The food you can eat at Villa Madreselva


pictureI have to admit it. I’m a vegetarian at heart. I never did like the idea of eating something that could look at me with big warm brown eyes. When I was a kid I refused to eat my mother’s beef stew. It was too obvious that there were big chunks of cow floating in that gravy. But despite the pasta, it wasn’t easy being a vegetarian in Italy. It came covered in ragu, wild boar, hare and anchovy sauces… I skipped the second course of roast as it was passed around the table and went for the potatoes instead. Older people looked at me truly concerned that I wasn’t getting proper nutrition. They had raised their children on the belief that you must consume some proteine nobile, i.e. meat, and often came out of the kitchen with a plate of sliced prosciutto for me. This wasn’t meat in their eyes, but to me it was even more offensive than the roast. It was raw.

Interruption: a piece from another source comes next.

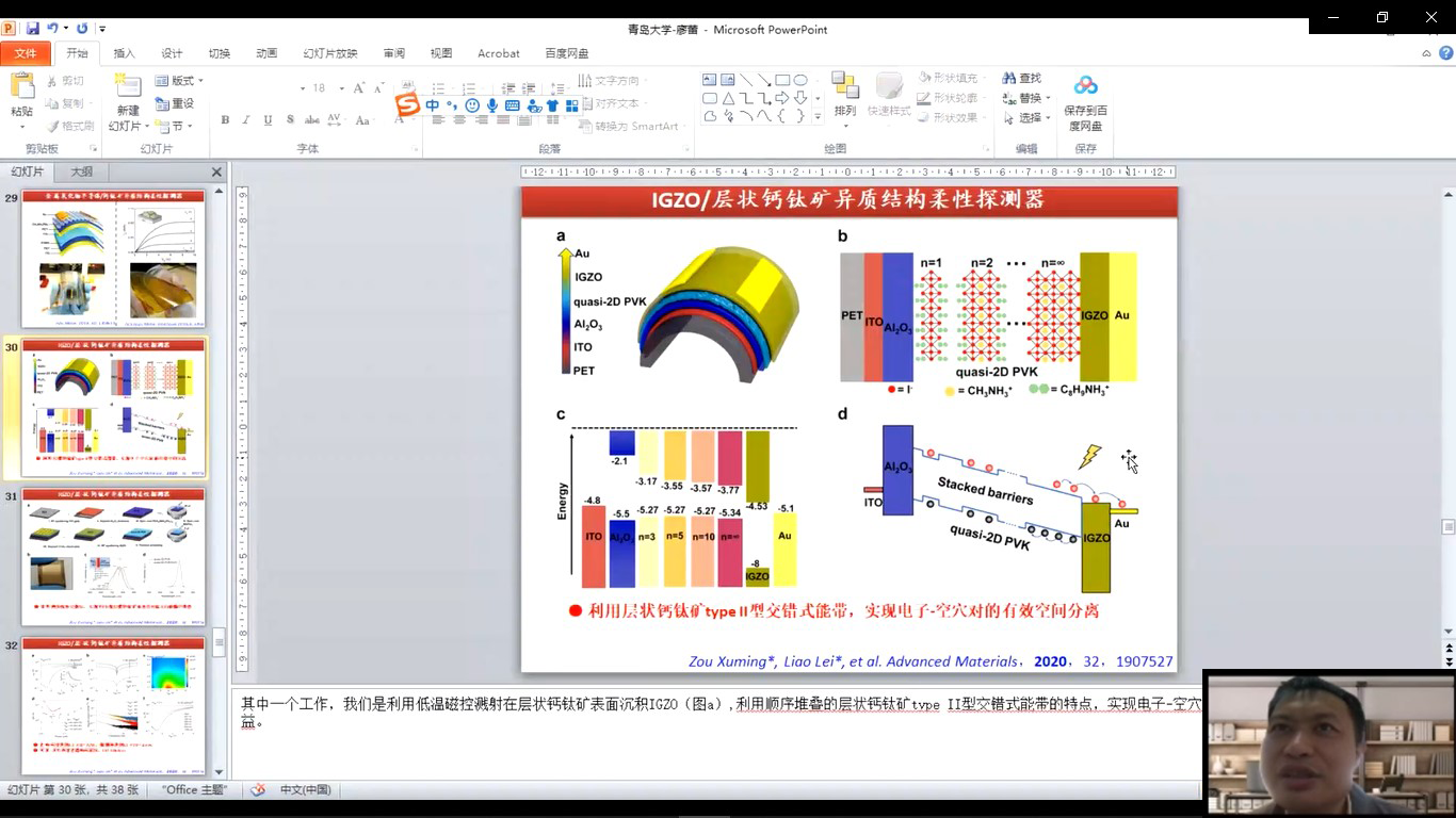 在报告中,廖蕾教授从钙钛矿材料、异质结和光电探测器等基本概念出发,展示了基于二维半导体/钙钛矿异质结构实现高灵敏度、快速响应光电探测器;采用金属氧化物半导体/钙钛矿异质结构构筑柔性、超灵敏、宽光谱光电探测器;开发高k材料/钙钛矿异质结构电介质实现高灵敏度、低噪声、高线性度光电探测器,详细的阐释了半导体材料在光电探测器中的应用、光电探测器性能的提升方案以及器件的结构设计等内容。随后,廖蕾教授结合自己的科研学术经历,向师生们展示了自己科研经历的心得体会,并提出了宝贵的意见。最后提问环节,廖蕾教授热情的回答了老师和同学们的问题,对光电探测器目前存在的问题以及未来的研究方向进行了深入的讨论。

Pregnancy changed me though. I can remember walking in front of one of those fancy food shops in Rome and seeing a huge roast beef floating in its own blood on a metal plate in the window. I cringed, yet salivated at the mouth. For the sake of the unborn I could no longer deny my instincts. I ate my chicken and meatloaf but after bringing two children safely into the world I easily lapsed back into my old vegetarian ways.

“Although things tend to be lax in Italy, the exception is when it comes to food.”

My views changed radically one cold blustery March day in 2001when I bumped into Sandro Ciofi up at the Castello di Spannocchia. The Castello is a big organic farm and cultural center in the Montagnola hills west of Siena. Sandro is our friend from down at the shop in Costafabbri, the owner of the Antica Salumeria Salvini, established in 1931. I bought my bread and pecorino cheese from him every Saturday upon our arrival from Rome. Lucio bought salumi - Italian cold cuts - and wine. The shop was always our first stop, part of our routine.

‘What are you doing here,’ I asked.
He smiled at me with the same jovial air that he uses behind the counter.
‘Buying pigs,’ he replied.

Outside the Antica Salumeria Salvini, a sign states that the shop carries the famous ‘cinta senese’, ham made from an ancient breed of indigenous black pig. I had seen these pigs running wild through the chestnut forests where I often went for a walk.They feed on acorns and chestnuts, and a mush made from organically grown grains and vegetables from the farms. It turned out that Sandro buys them regularly and turns them into prosciutto and other pork products which he sells in the shop.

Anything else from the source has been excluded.